| Work to complete |
Repeat the listing below verbatim, without its images.

| Records for this exercise |
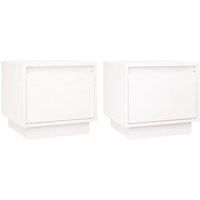 These wooden bedside cabinets exude a touch of modern charm and makes an excellent addition to your current room decor. The bedside tables are made of solid pinewood, making them durable and sturdy. As a universal cabinet, you can put your magazines, books, remote controls and other small items well organised and within reach. Upgrade your interior with these elegant side tables! Features: Colour: White Material: Solid pinewood Dimensions: 35 x 34 x 32 cm (W x D x H) Assembly required: Yes Delivery cont... - Manufacturers part number: 813398
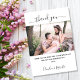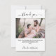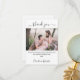 White background. Large hand lettered script with swashes and the text: Thank You. Personalise and add your photo, thank you note and names.
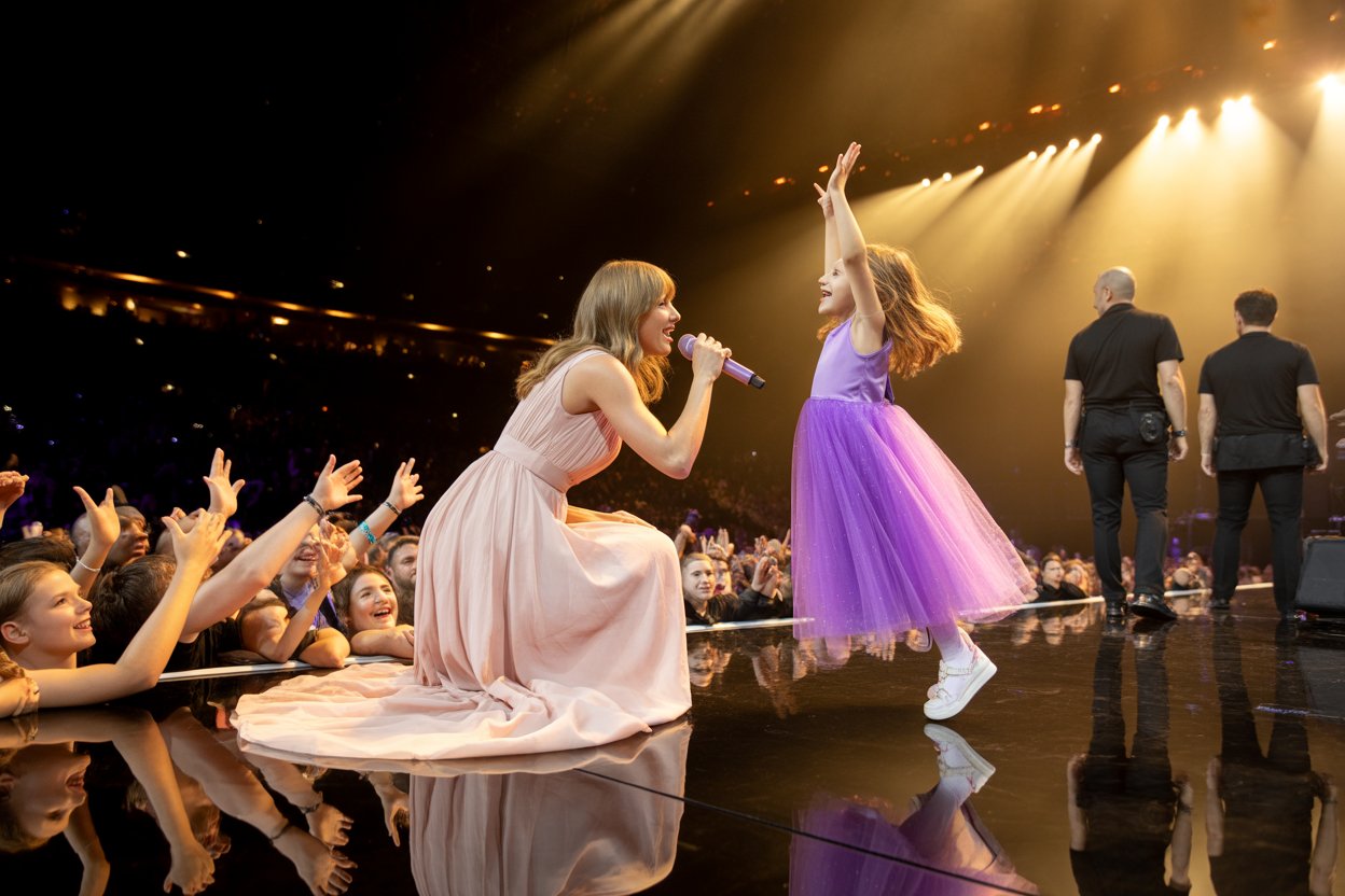 “Lucy has something to say.” The arena fell silent. 80,000 people stopped singing. Stop moving. stop breathing. All focused on the tiny figure in the purple dress standing at the foot of the stage. Lucy looked up at Taylor with wide earnest eyes. Now that she had Taylor’s attention, she seemed suddenly shy, overwhelmed by the magnitude of the moment and the sea of faces watching her.
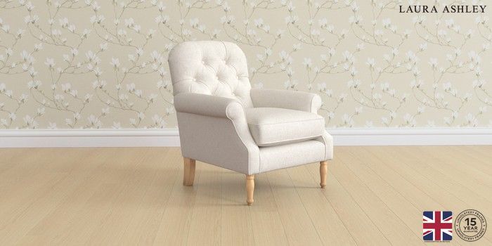 7.3.1 Buy Cambridge Button Back by Laura Ashley Armchair Anneliese Oyster Natural Medium Turned - Light Oak from the Seasons online shop Click here to use our website with more accessibility support, for example screen readers
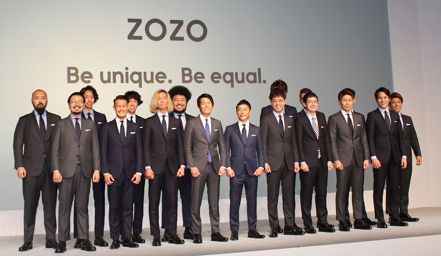7月3日から、男性用の上下の背広とそのインナーとなるドレスシャツの販売を開始し、8月上旬にはネクタイもラインナップに追加する。この背広は、ZOZOSUITで計測した体形データを基にパターンを作成し、生産する完全カスタムオーダー商品。販売当初は特別価格を設定し、背広上下とドレスシャツのセットを、2万4800円で販売する(定価は4万4800円)。生地の色は7色から選択し、柄、パンツのすそ始末やポケットの形など細部のデザインもオーダーできる。同社の前澤友作社長は「肩幅が狭い、身長が高い、腕が長い、体が大きいなどでサイズの合うスーツがなかった人でも、身体に合ったスーツを着られるようになる」と説明した。
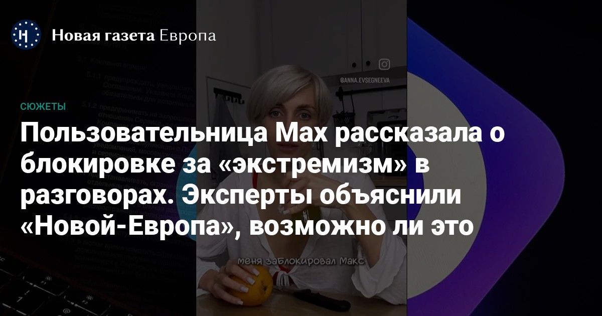 Тогда Анна обратилась в техподдержку, где ей, судя по опубликованным скриншотам, объяснили, что она нарушила несколько пунктов пользовательского соглашения, которые запрещают писать «экстремистские сообщения, обсуждать суицидальные мысли и наркотики». Получить доказательства блокировки и выяснить конкретные причины нарушения правил Max пока не удалось.
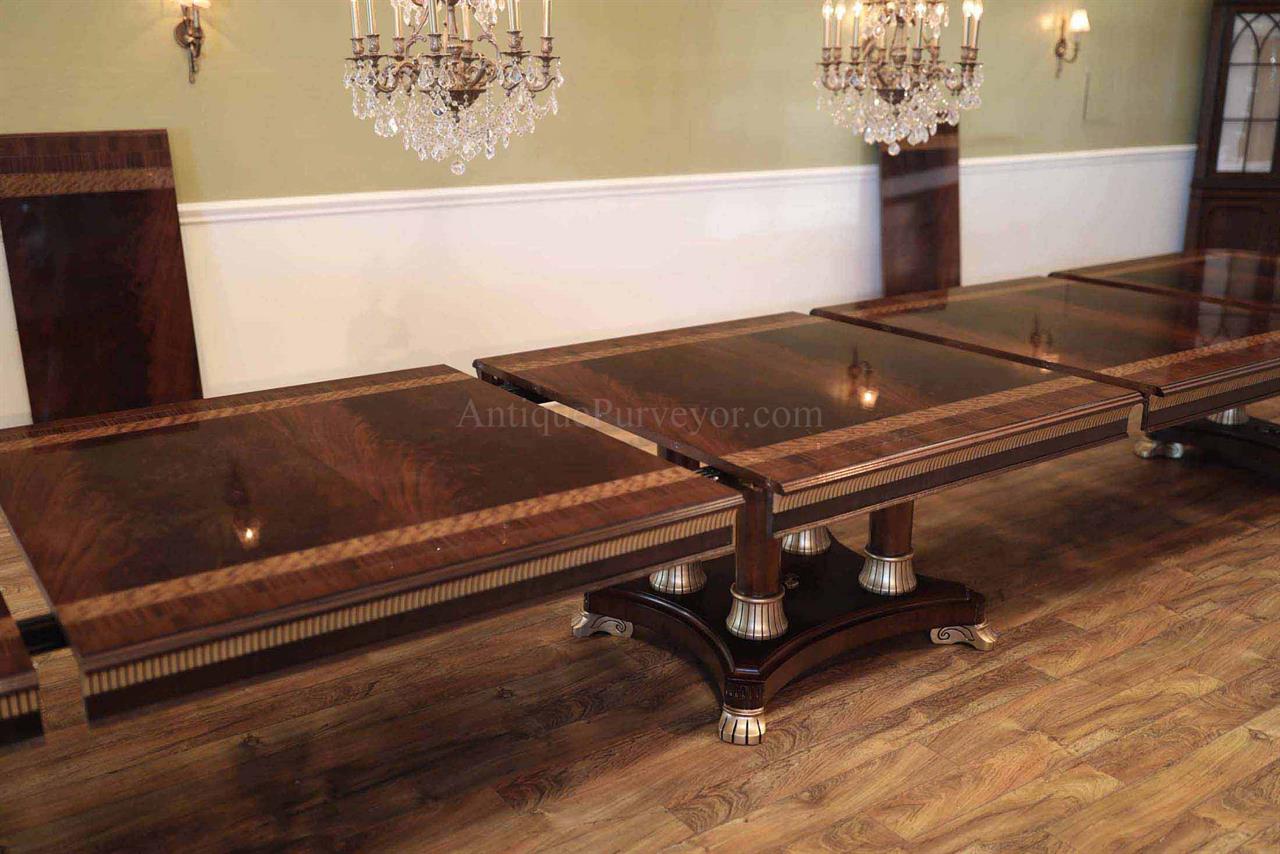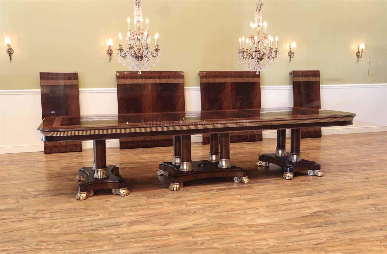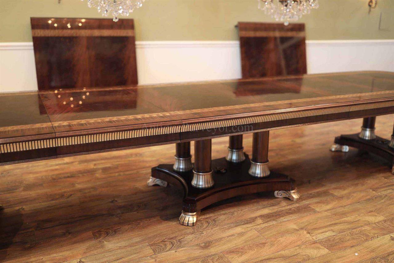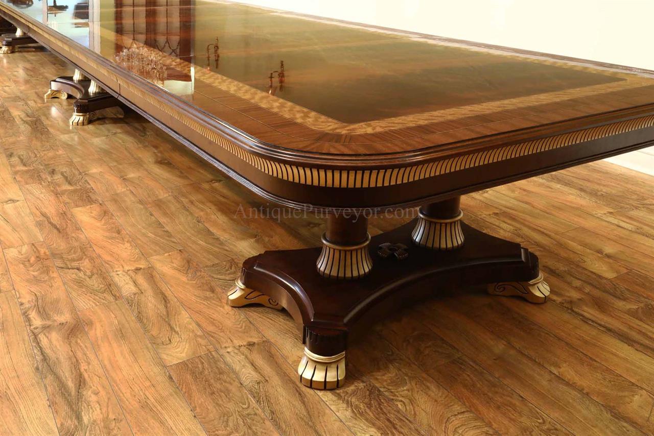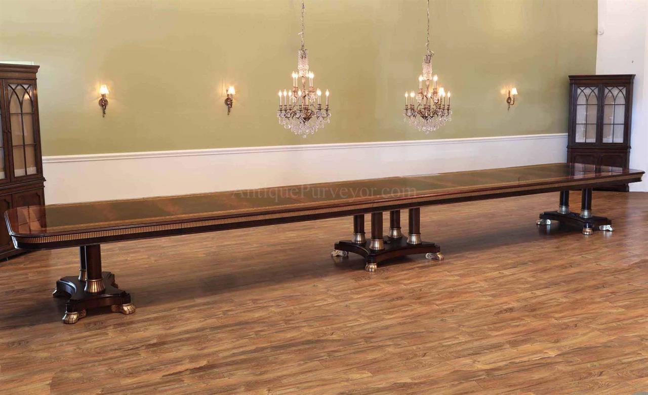 Extra-large 24-foot mahogany dining table for a stately dining room, an AP Exclusive by AntiquePurveyor. This high-end mahogany dining table can be configured in a room from 12 feet long to 24 feet long, in 3-foot increments. The table is 54″ wide. The heavy mahogany pedestal bases feature double columns at the ends and four columns at the center pedestal, providing a wide footprint that holds the table solid in any configuration. Table slides are made of heavy, American-made steel and are very sturdy. The apron, which surrounds the table, features a profile similar to dental molding found in traditional homes. The updated and modernized Regency-style pedestal, featuring fine cast brass mounts, was crafted using lost wax techniques. The tabletop features a natural color palette, showcasing colors of red, orange, yellow, and brown. The table is finished with satin nitrocellulose lacquer, and the tabletop is polished to a 60% gloss, allowing light to reach the rich and lively wood grain.
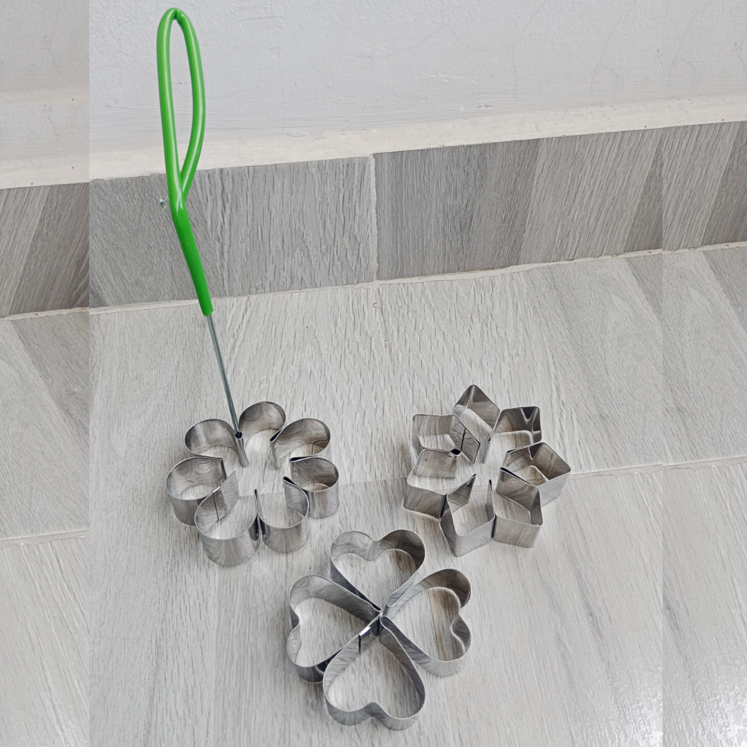 Set de 3 moldes metálicos ideales para preparar las tradicionales solteritas u otras delicias fritas. Fabricados en lámina de aluminio, resistentes, livianos y fáciles de limpiar.
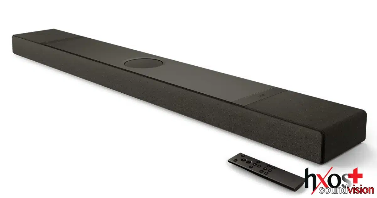 O σχεδιασμός της ηχομπάρας είναι εμπνευσμένος από συμμετρικές γεωμετρίες, ενώ οι διαστάσεις είναι κατάλληλες για τηλεοράσεις από 55 ιντσών και άνω. Κυκλοφορεί σε Silver Gray και Slate Black, ενώ μπροστά είναι καλυμμένη με ύφασμα και το επάνω μέρος με αλουμίνιο.

| Answer |
 These wooden bedside cabinets exude a touch of modern charm and makes an excellent addition to your current room decor. The bedside tables are made of solid pinewood, making them durable and sturdy. As a universal cabinet, you can put your magazines, books, remote controls and other small items well organised and within reach. Upgrade your interior with these elegant side tables! Features: Colour: White Material: Solid pinewood Dimensions: 35 x 34 x 32 cm (W x D x H) Assembly required: Yes Delivery cont... - Manufacturers part number: 813398
 White background. Large hand lettered script with swashes and the text: Thank You. Personalise and add your photo, thank you note and names.
 “Lucy has something to say.” The arena fell silent. 80,000 people stopped singing. Stop moving. stop breathing. All focused on the tiny figure in the purple dress standing at the foot of the stage. Lucy looked up at Taylor with wide earnest eyes. Now that she had Taylor’s attention, she seemed suddenly shy, overwhelmed by the magnitude of the moment and the sea of faces watching her.
 7.3.1 Buy Cambridge Button Back by Laura Ashley Armchair Anneliese Oyster Natural Medium Turned - Light Oak from the Seasons online shop Click here to use our website with more accessibility support, for example screen readers
7月3日から、男性用の上下の背広とそのインナーとなるドレスシャツの販売を開始し、8月上旬にはネクタイもラインナップに追加する。この背広は、ZOZOSUITで計測した体形データを基にパターンを作成し、生産する完全カスタムオーダー商品。販売当初は特別価格を設定し、背広上下とドレスシャツのセットを、2万4800円で販売する(定価は4万4800円)。生地の色は7色から選択し、柄、パンツのすそ始末やポケットの形など細部のデザインもオーダーできる。同社の前澤友作社長は「肩幅が狭い、身長が高い、腕が長い、体が大きいなどでサイズの合うスーツがなかった人でも、身体に合ったスーツを着られるようになる」と説明した。
 Тогда Анна обратилась в техподдержку, где ей, судя по опубликованным скриншотам, объяснили, что она нарушила несколько пунктов пользовательского соглашения, которые запрещают писать «экстремистские сообщения, обсуждать суицидальные мысли и наркотики». Получить доказательства блокировки и выяснить конкретные причины нарушения правил Max пока не удалось.
 Extra-large 24-foot mahogany dining table for a stately dining room, an AP Exclusive by AntiquePurveyor. This high-end mahogany dining table can be configured in a room from 12 feet long to 24 feet long, in 3-foot increments. The table is 54″ wide. The heavy mahogany pedestal bases feature double columns at the ends and four columns at the center pedestal, providing a wide footprint that holds the table solid in any configuration. Table slides are made of heavy, American-made steel and are very sturdy. The apron, which surrounds the table, features a profile similar to dental molding found in traditional homes. The updated and modernized Regency-style pedestal, featuring fine cast brass mounts, was crafted using lost wax techniques. The tabletop features a natural color palette, showcasing colors of red, orange, yellow, and brown. The table is finished with satin nitrocellulose lacquer, and the tabletop is polished to a 60% gloss, allowing light to reach the rich and lively wood grain.
 Set de 3 moldes metálicos ideales para preparar las tradicionales solteritas u otras delicias fritas. Fabricados en lámina de aluminio, resistentes, livianos y fáciles de limpiar.
 O σχεδιασμός της ηχομπάρας είναι εμπνευσμένος από συμμετρικές γεωμετρίες, ενώ οι διαστάσεις είναι κατάλληλες για τηλεοράσεις από 55 ιντσών και άνω. Κυκλοφορεί σε Silver Gray και Slate Black, ενώ μπροστά είναι καλυμμένη με ύφασμα και το επάνω μέρος με αλουμίνιο.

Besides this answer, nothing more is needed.